Bug 2 — Two tracers at once

$ cat trace_test.go
func TestPipeline(t *testing.T) {
    f, _ := os.Create("inner.out")
    trace.Start(f)        // the test ALSO starts a tracer
    defer trace.Stop()
    runPipeline()
}

$ go test -trace=outer.out -run=TestPipeline .
--- FAIL: TestPipeline
    panic: tracing already enabled

Symptom: tracing already enabled when running a test under -trace.

Root cause: go test -trace makes the testing framework start the tracer around the whole test binary. The in-code trace.Start is then the second tracer, and only one trace can be active per process.

Fix: pick one mechanism. If you run under go test -trace, do not call trace.Start in the code under test:

func TestPipeline(t *testing.T) {
    runPipeline() // let -trace own the tracer
}

If you want the in-code trace, run the test without -trace.


Bug 3 — Context not threaded, so the task is empty

func handle(ctx context.Context) {
    _, task := trace.NewTask(ctx, "request") // discards the derived ctx!
    defer task.End()

    trace.WithRegion(ctx, "db.query", func() { query() })   // original ctx
    trace.Log(ctx, "cache", "miss")                         // original ctx
}
go tool trace → User-defined tasks → "request": 0 regions, 0 logs

Symptom: The request task exists but contains no regions and no logs.

Root cause: NewTask returns a derived context carrying the task ID, but here it is discarded (_).

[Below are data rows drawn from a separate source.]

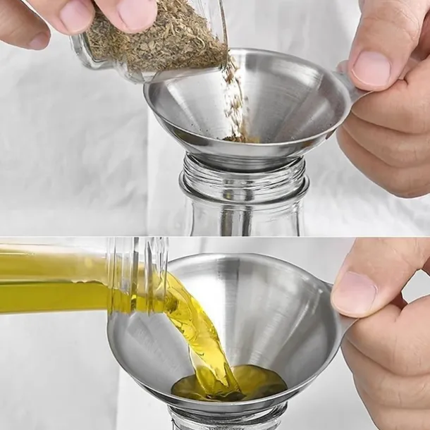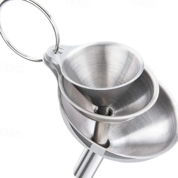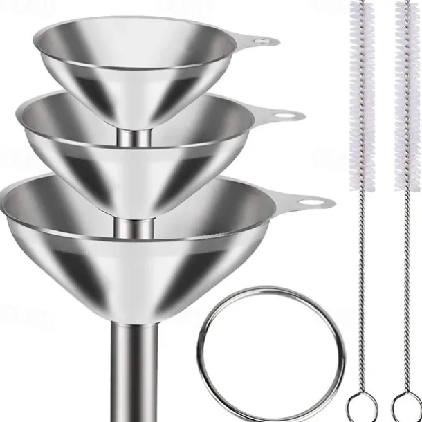 3/5pcs Stainless Steel Funnels For Kitchen Use, Large Tiny Small Funnel Set Of 3, Metal Cooking Powder Food Grade Flask Funnels For Filling Bottles Liquor Water Spice, 2pcs Cleaning Brushes
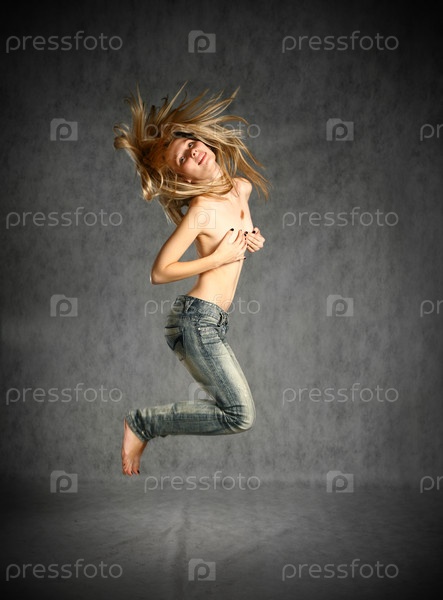 Полуобнаженная женщина в джинсах в прыжке
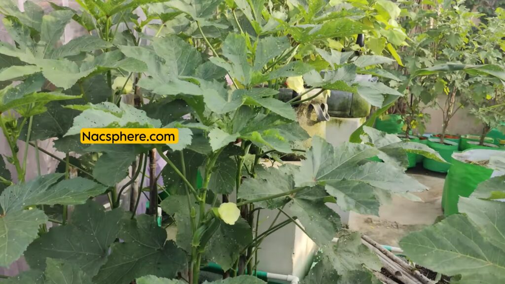एक और खास बात जब गो बैग में आप सब्जियां लगाएंगे तो ये बहुत अच्छी होगी जैसे आप देख रहे हैं यह भिंडी लगी हुई है और नीचे ये गो बैग है तो गो बैग में गार्डन बहुत सक्सेस होती है अगर आप अच्छे से करें
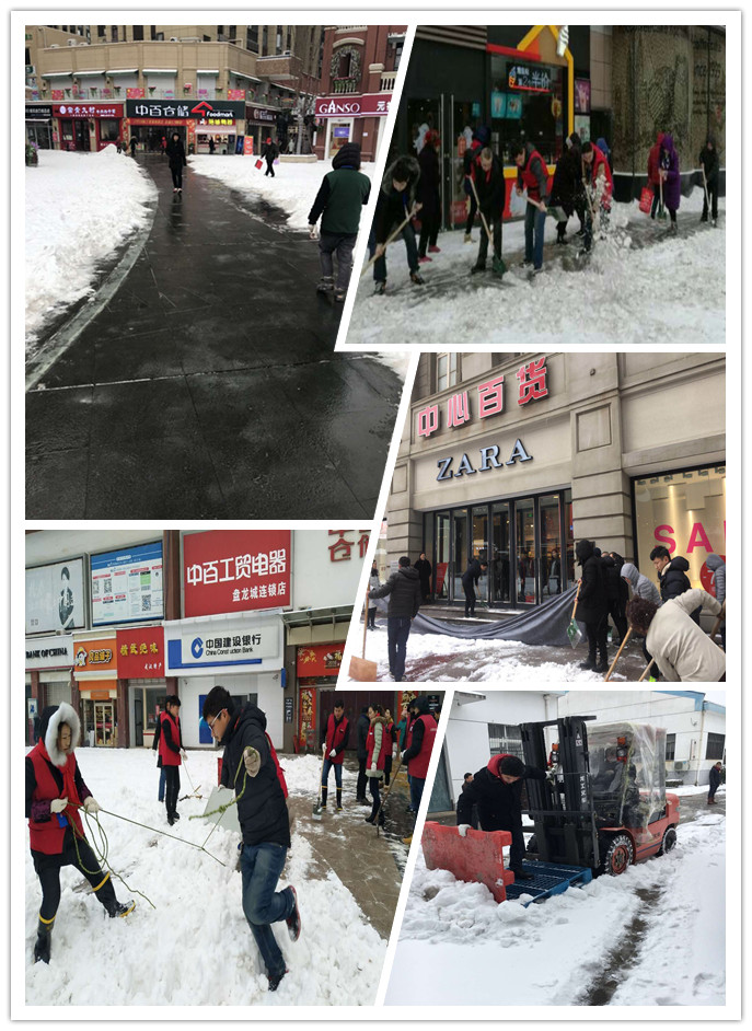 集團(tuán)各公司及各門店積極啟動(dòng)預(yù)案工作,在各負(fù)責(zé)人的帶領(lǐng)下人人提鍬帶鏟分工協(xié)作,冒著風(fēng)雪,在各自門前清掃著道路。為了行人及車輛的行走、行使安全,大家在門前、坡道處,行車處鋪墊上了地毯和防滑布袋。通過大家的通力合作,很快的為顧客開辟出安全而寬敞的行走購(gòu)物通道和車輛安全通道,大家個(gè)個(gè)哈著熱氣,流露著輕松的笑容,冰冷的大地經(jīng)過大家辛苦勞動(dòng)使得熱氣升騰。

The region and log calls receive the original ctx, which has no task ID, so their events are not attributed to the task.

Fix: keep and thread the derived context:

ctx, task := trace.NewTask(ctx, "request")
defer task.End()
trace.WithRegion(ctx, "db.query", func() { query() })
trace.Log(ctx, "cache", "miss")

This is the single most common annotation bug — the task is "empty" because attribution was silently lost.

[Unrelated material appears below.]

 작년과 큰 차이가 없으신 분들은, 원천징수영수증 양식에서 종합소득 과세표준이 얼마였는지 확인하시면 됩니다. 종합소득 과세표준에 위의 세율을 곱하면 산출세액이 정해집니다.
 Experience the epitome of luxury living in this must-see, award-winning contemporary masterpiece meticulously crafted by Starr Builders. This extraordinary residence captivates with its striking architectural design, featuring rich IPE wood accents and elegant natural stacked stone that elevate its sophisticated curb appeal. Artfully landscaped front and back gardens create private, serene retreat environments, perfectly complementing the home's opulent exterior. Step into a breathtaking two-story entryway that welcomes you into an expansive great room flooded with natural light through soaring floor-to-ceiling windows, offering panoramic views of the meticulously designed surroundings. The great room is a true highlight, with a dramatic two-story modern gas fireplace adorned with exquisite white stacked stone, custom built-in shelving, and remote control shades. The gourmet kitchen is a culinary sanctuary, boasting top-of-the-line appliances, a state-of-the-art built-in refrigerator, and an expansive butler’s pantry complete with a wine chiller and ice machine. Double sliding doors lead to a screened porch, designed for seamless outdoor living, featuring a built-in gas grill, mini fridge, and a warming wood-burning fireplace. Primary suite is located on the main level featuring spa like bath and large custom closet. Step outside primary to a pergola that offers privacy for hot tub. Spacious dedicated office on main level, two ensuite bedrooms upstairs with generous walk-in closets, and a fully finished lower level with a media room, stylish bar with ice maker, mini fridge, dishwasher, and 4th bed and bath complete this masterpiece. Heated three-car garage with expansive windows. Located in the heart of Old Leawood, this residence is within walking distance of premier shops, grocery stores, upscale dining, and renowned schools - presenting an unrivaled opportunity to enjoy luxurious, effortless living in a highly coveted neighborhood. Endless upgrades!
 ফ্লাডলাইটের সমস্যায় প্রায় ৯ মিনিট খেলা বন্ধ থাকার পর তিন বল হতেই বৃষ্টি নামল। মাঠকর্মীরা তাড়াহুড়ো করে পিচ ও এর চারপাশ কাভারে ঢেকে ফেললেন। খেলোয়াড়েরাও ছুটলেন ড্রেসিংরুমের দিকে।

Bug 4 — defer task.End() forgotten

func handle(ctx context.Context) {
    ctx, task := trace.NewTask(ctx, "request")
    // no defer task.End()
    process(ctx)
    // returns without ending the task
}
go tool trace → "request" task duration: 4.812 s  (the whole trace!)

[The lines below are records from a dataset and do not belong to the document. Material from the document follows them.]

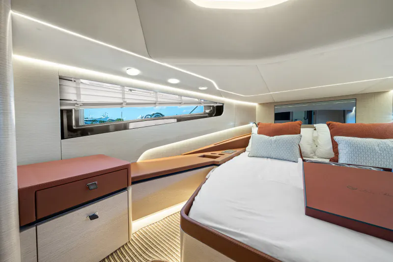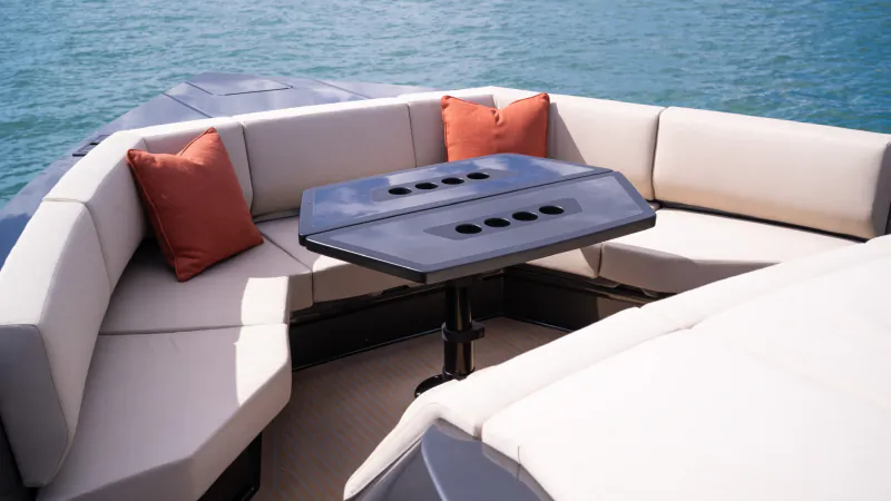 A luxurious three-person sunpad reigns supreme over the aft platform, giving way to elegant seating for six around an oval-shaped table in the welcome shade of the hardtop. Upholstery is in a hard-wearing exterior fabric made specially for Manari. An expansive wet bar, grill and fridge have been subtly integrated into this space, providing everything needed for lively entertaining. Each element is crafted to create a welcoming space where leisure and socialising come naturally.
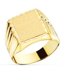 18K SELLO ORO AMARILLO CABALLERO HUECO TALLADO ZONA GRABADO 12X10MM
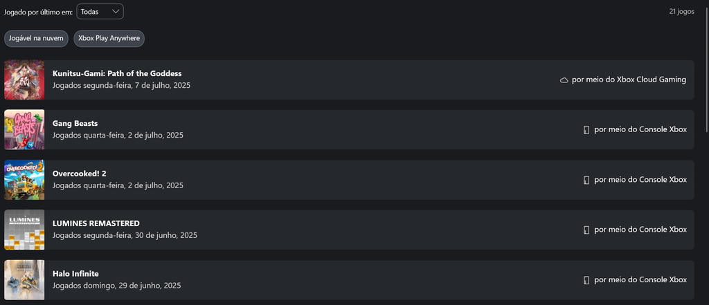Com o novo histórico, os jogadores poderão visualizar rapidamente os últimos títulos jogados em todas as plataformas onde a marca está presente, seja de forma nativa ou via streaming. A ferramenta também permite filtrar por jogos da nuvem e títulos com a função Play Anywhere.

Symptom: Every request task's duration equals the full trace length, not the request length.

Root cause: Without task.End(), no task-end event is emitted. The viewer treats the task as running until the trace ends, so its duration is meaningless.

Fix: always pair NewTask with defer task.End():

ctx, task := trace.NewTask(ctx, "request")
defer task.End()
process(ctx)

Note this does not error — it silently inflates durations, which is worse than a crash.


Bug 5 — Region crossing a goroutine boundary

func handle(ctx context.Context) {
    r := trace.StartRegion(ctx, "work")
    go func() {
        defer r.End() // ended on a DIFFERENT goroutine
        work()
    }()
}
go tool trace → region "work": mismatched / not ended on the same goroutine

Symptom: The region is malformed or missing; the viewer complains about the goroutine.

Root cause: A region's begin/end are paired by the runtime using a per-goroutine nesting stack. StartRegion ran on the handler goroutine; r.End() ran on the spawned goroutine. The pairing fails because they are on different Gs.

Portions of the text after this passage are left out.